> technically Rust is still safer than C in its unsafe blocks

This is quite dubious in a practical sense, since Rust unsafe blocks must manually uphold the safety invariants that idiomatic Safe Rust relies on at all times, which includes, e.g. references pointing to valid and properly aligned data, as well as requirements on mutable references comparable to what the `restrict` qualifier (which is rarely used) involves in C. In practice, this is hard to do consistently, and may trigger unexpected UB.

Some of these safety invariants can be relaxed in simple ways (e.g. &Cell<T> being aliasable where &mut T isn't) but this isn't always idiomatic or free of boilerplate in Safe Rust.
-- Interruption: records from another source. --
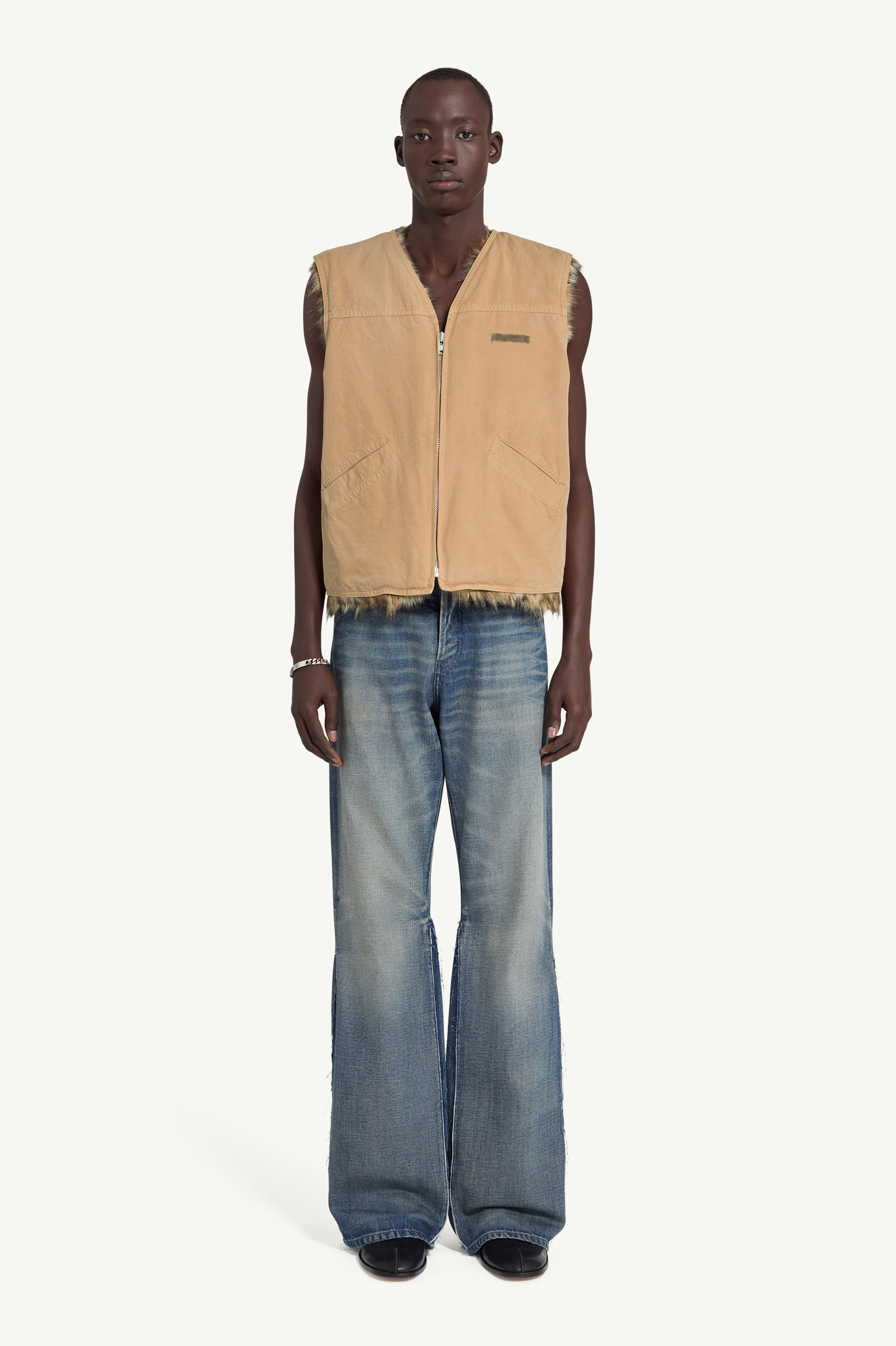 This sleeveless jacket is rendered with clean construction, then offset by a visible faux fur lining that traces the hemline and seams. Its tonal artwork is deliberately faded, which together with the MM6 white stitch line signals its identity. Product Details Item ID SH0FB0018S78548156 Primary fabric: 100% Cotton Inside: 80% Acrylic, 20% Polyester Pocket lining: 100% Cotton Sleeveless vest with faux fur trim Straight boxy silhouette, V-neckline Front with a visible silver zipper Diagonal welt pockets at the front Raw-edge detailing at armholes Faux fur trim at hemline Faded logo on upper left chest White stitch line at the back Made in Italy Model is 188 cm tall and wears a size 48.
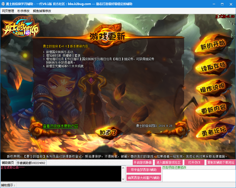 勇士的信仰岁月辅助一代下载 0.1 最新版 岁月勇士的信仰辅助是为同名的横板过关类小游戏制作的辅助修改工具,具有秒杀、装备掉落及怪物技能等多种辅助功能,可以帮助玩家降低游戏难度,可以获得更优质的游戏体验。
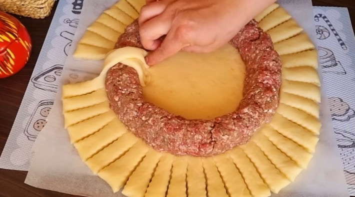 От кусочка этого пышного, мягкого, аппетитного пирога невозможно отказаться! Уверены, семья оценит по достоинству столь вкусную и сытную выпечку. От пирога вскоре не останется ни кусочка! Готовится удивительно просто и быстро. Вкусно так, что пальчики оближешь! Забирайте себе рецепт в копилочку и пеките вкуснятину для семьи. Секреты Узбекской кухни/youtube Мягкое пышное тесто Оно готовится очень просто и быстро! Получается всегда вкусно. Ингредиенты: мука — 500 г; сахар — 1 ст. л.; соль — 1 ч. л.; дрожжи — 0,5 ч. л.; тёплая вода — 100 мл; тёплое молоко — 100 мл; растительное масло — 100 мл; яйцо — 1 шт. В муку добавьте соль, сахар, дрожжи, перемешайте. Влейте масло, воду, молоко, разбейте 1 яйцо. Замесите мягкое тесто. Прикройте плёнкой или полотенцем, оставьте на 1,5—2 часа. Секреты Узбекской кухни/youtube Мясная начинка Она нравится каждому, кто её пробует! Экспериментируйте и добавляйте свои специи. Ингредиенты: говяжий фарш — 400 г;р лук — 1 шт.; соль — 1,5 ч. л.; перец — 1/4 ч. л.; кумин — 1 ч. л.; для украшения: аджика/кетчуп сыр. Измельчите лук, добавьте к фаршу. Посолите, приправьте, перемешайте. Начинка готова! Секреты Узбекской кухни/youtube Сборка и выпекание пирога Тесто положите на стол, раскатайте. Положите по середине круглую тарелку, разрежьте край ножом (обычным или фигурным) на кусочки. Секреты Узбекской кухни/youtube Уберите тарелку. Выложите начинку по кругу. Крест-накрест перекиньте полоски теста. Секреты Узбекской кухни/youtube Переложите на противень, выстеленный пергаментной бумагой. Смажьте желтком. Выпекайте при 180 градусах в течение 35 минут. Секреты Узбекской кухни/youtube Достаньте пирог. Серединку смажьте аджикой или кетчупом. Сверху посыпьте сыром. Отправьте в духовку ещё на 10 минут. Секреты Узбекской кухни/youtube Вкуснейший пирог без особых премудростей! Красивый, сытный и аппетитный. Секреты Узбекской кухни/youtube Удивите родных и близких столь необычной выпечкой! Это и вкусно, и оригинально. Приятного аппетита!
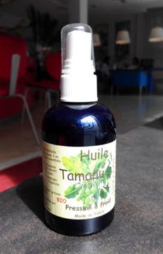 タマヌオイルはタヒチのスーパーや薬局で購入可能で、こちらの写真以外にも多数のメーカーから発売されており、どれもメイドインタヒチ、100%ナチュラルです。
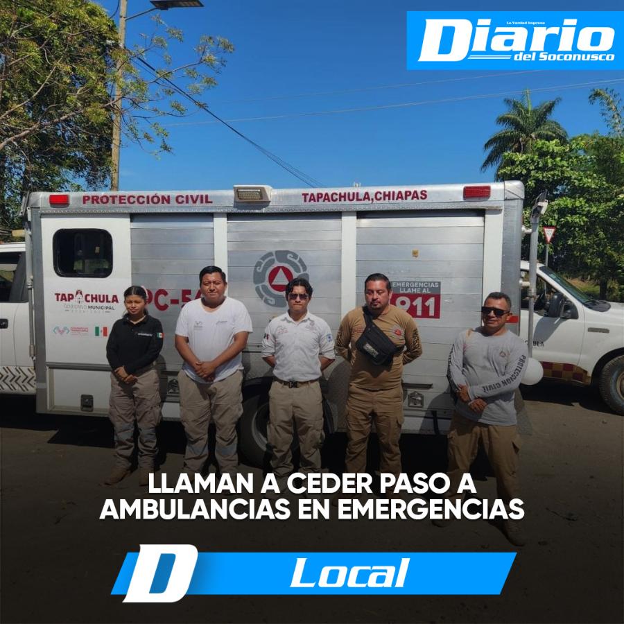 El gobierno de Tapachula, a través de la Secretaría de Protección Civil Municipal, hizo un llamado a los conductores en esta temporada decembrina a ceder el paso, disminuir la velocidad y permitir que las ambulancias y cuerpos de auxilio lleguen a tiempo.
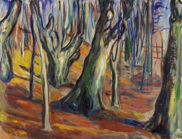 Elm Forest in Spring Oil Painting by Edvard Munch
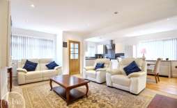 Lounge/Kitchen/Dining Room - 6.49 x 5.72 (21'3" x 18'9") - Part Laminate/Carpet flooring, range of fitted base and wall units with work surfaces over, integrated oven, hob and extractor fan, integrated dishwasher, space for free standing fridge/freezer, built in TV wall unit, spotlights, tiled splash backs, radiator x2, double glazed window to front x2, double glazed window to side, door to hall x2.
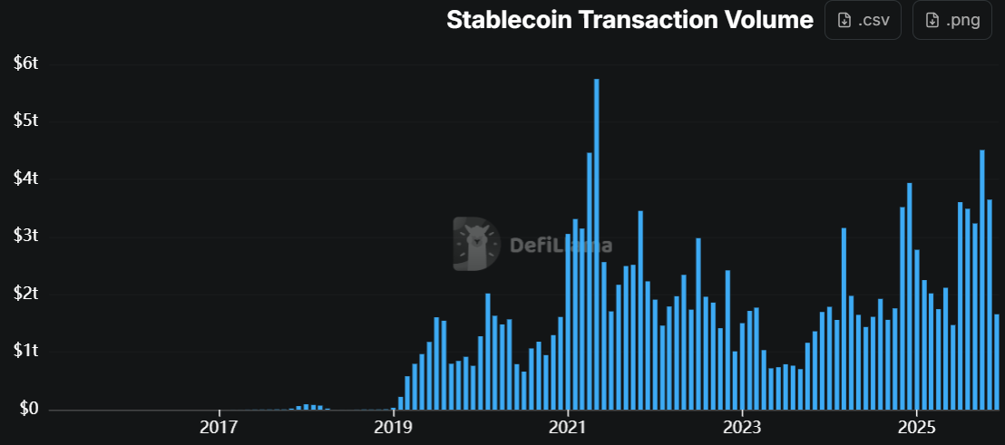 10月份链上交易量达到了多年来的高点,达$4.511万亿。虽然仍低于2021年的峰值,但稳定币自那时以来已经显著成熟。

It's great that the Google Android team has been tracking data to answer that question for years now and their conclusion is:

-------

The primary security concern regarding Rust generally centers on the approximately 4% of code written within unsafe{} blocks. This subset of Rust has fueled significant speculation, misconceptions, and even theories that unsafe Rust might be more buggy than C. Empirical evidence shows this to be quite wrong.

Our data indicates that even a more conservative assumption, that a line of unsafe Rust is as likely to have a bug as a line of C or C++, significantly overestimates the risk of unsafe Rust. We don’t know for sure why this is the case, but there are likely several contributing factors:

    unsafe{} doesn't actually disable all or even most of Rust’s safety checks (a common misconception).
    The practice of encapsulation enables local reasoning about safety invariants.
    The additional scrutiny that unsafe{} blocks receive.

From https://security.googleblog.com/2025/11/rust-in-android-move...